An English-speaking Hispanic client has a newly applied long leg cast to stabilize a right proximal fractured tibia. During rounds at night, the nurse finds the client restless, withdrawn, and unusually quiet. Which nursing statement would be most appropriate?
- A. Are you uncomfortable?
- B. Tell me what you are feeling.
- C. You'll feel better in the morning.
- D. I'll get your pain medication right away.
Correct Answer: B
Rationale: Option 2 is open-ended and makes no assumptions about the client's psychological or emotional state. Option 1 is incorrect because males in traditional standard Hispanic cultures practice 'machismo' in which stoicism is valued, so this client may deny any pain when asked. False reassurance is never therapeutic, which makes option 3 incorrect. Option 4 is incorrect because an assessment is necessary before administering medication for pain.
The nurse is working in a mental health facility that uses group therapy with the clients.
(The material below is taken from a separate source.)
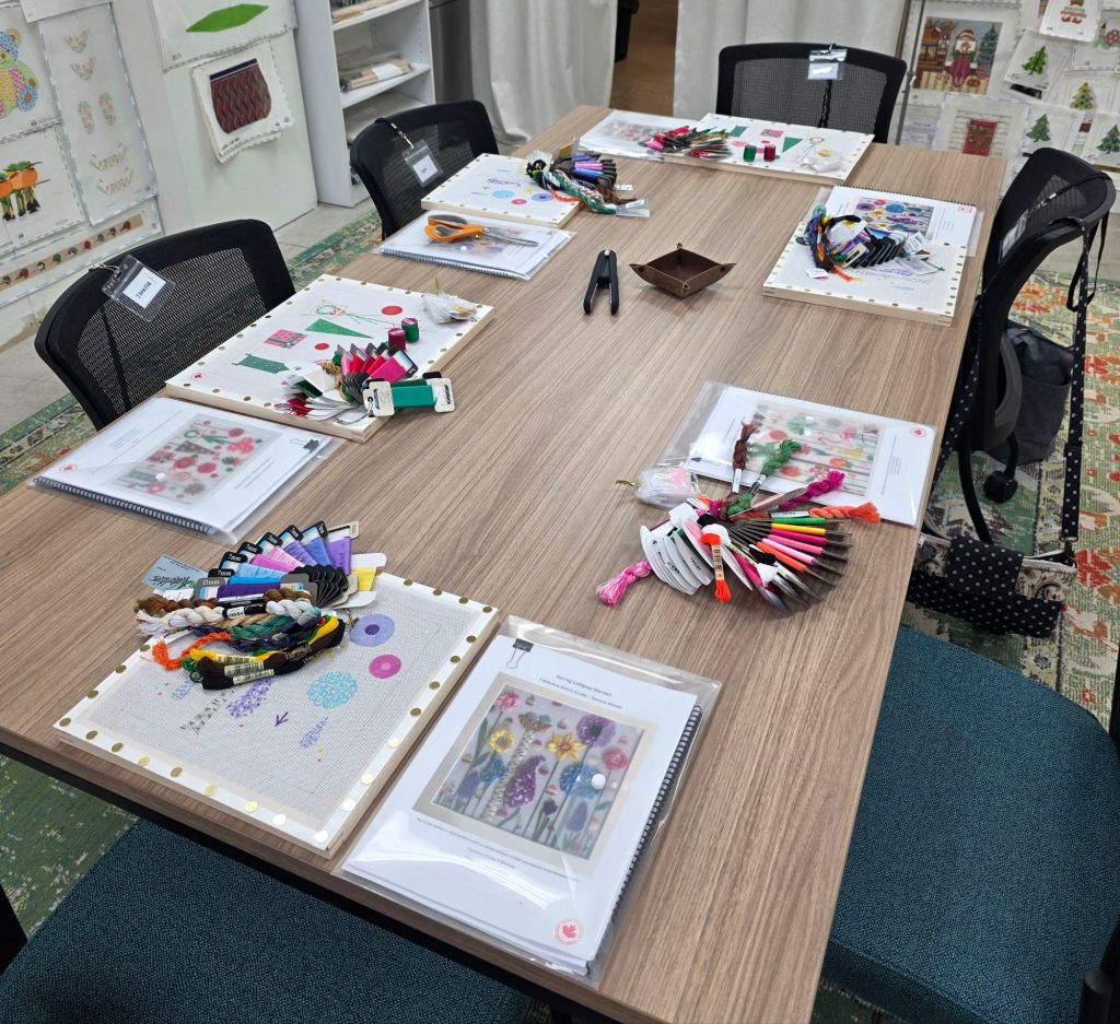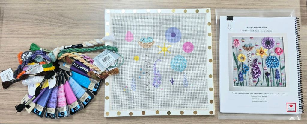 What a lovely display by Tamara Abdee as we walked into the classroom area at Fireside Stitchery. There were 2 tables all ready for us. I signed up for Spring Lollipop Garden. But, Tamara is teaching 3 different designs for 12 people. She filled two 2-day classes. Four other members from our ANG Main Line Stitchers Chapter are there including Lynn (and store owner), Kathy P, Pat K, and Karen P. I think we’ll be getting a new chapter member too!

The nurse understands which to be correct regarding group therapy?
- A. The termination stage begins with the initial group meeting.
- B. Members' feelings about their accomplishments are explored in the working stage.
- C. During the working stage, members may be unclear about the purpose of the group.
- D. Group roles and responsibilities are established in the working stage of group therapy.
Correct Answer: D
Rationale: Group roles and responsibilities are established in the working stage, when members actively engage in therapeutic goals.
A client who experienced a myocardial infarction (MI) 4 days ago refuses to dangle at the bedside, saying, 'If my doctor tells me to do it, I will. Otherwise, I won't.' Which behavior should the nurse determine that the client is displaying?
- A. Anger
- B. Denial
- C. Depression
- D. Dependency
Correct Answer: D
Rationale: Clients may experience numerous emotional and behavioral responses after an MI. Dependency is one response that may be manifested by the client's refusal to perform any tasks or activities unless specifically approved by the primary health care provider. Although the client's statement may express anger to some degree, it most specifically addresses dependency. There are no data in the question to support denial or depression.
The nurse is caring for a client who says, 'I don't want to talk with you because you're only the nurse. I'll wait for my doctor.' Which statement should the nurse say in response to the client?
- A. I'm saddened by the way you dismissed me.
- B. I understand. So should I call your primary health care provider?
- C. Your primary health care provider directs me in your nursing care.
- D. So then, you would prefer to speak with your primary health care provider?
Correct Answer: B
Rationale: The nurse uses techniques of therapeutic communication to reflect the client's statement (option 2), redirect feelings back to the client for validation, and focus on the client's desire to talk with the doctor. Options 1 and 3 are nontherapeutic responses and are defensive responses. Option 4 reinforces the client's behavior and does not encourage client expression of feelings.